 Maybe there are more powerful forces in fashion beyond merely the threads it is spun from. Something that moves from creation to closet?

...

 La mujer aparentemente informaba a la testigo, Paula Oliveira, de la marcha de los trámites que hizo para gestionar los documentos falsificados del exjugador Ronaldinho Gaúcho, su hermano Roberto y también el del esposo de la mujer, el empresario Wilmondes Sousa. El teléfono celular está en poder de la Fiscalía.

--

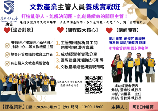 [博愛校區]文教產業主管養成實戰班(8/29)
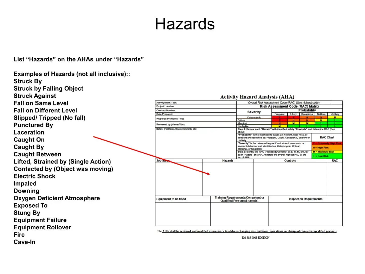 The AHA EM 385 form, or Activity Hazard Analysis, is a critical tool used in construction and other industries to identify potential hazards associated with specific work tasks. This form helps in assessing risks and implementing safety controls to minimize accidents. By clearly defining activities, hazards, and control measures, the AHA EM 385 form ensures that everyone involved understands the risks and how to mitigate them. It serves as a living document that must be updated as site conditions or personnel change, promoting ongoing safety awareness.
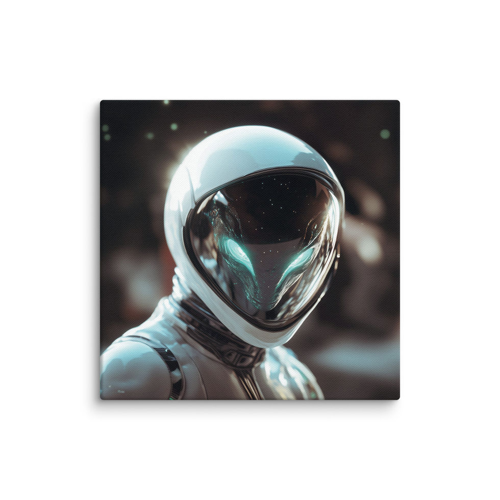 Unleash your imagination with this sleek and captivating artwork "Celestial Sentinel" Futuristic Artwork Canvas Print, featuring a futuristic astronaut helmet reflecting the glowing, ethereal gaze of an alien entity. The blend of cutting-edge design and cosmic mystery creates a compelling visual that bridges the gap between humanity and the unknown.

**PROBLEM DETAILS:** From the line with "[博愛校區]文教產業主管養成實戰班(8/29)" up to and including the line with "The AHA EM 385 form, or" above, retype every line exactly and nothing more; leave out the pictures.

**EXERCISE ANSWER:**
 [博愛校區]文教產業主管養成實戰班(8/29)
 The AHA EM 385 form, or Activity Hazard Analysis, is a critical tool used in construction and other industries to identify potential hazards associated with specific work tasks. This form helps in assessing risks and implementing safety controls to minimize accidents. By clearly defining activities, hazards, and control measures, the AHA EM 385 form ensures that everyone involved understands the risks and how to mitigate them. It serves as a living document that must be updated as site conditions or personnel change, promoting ongoing safety awareness.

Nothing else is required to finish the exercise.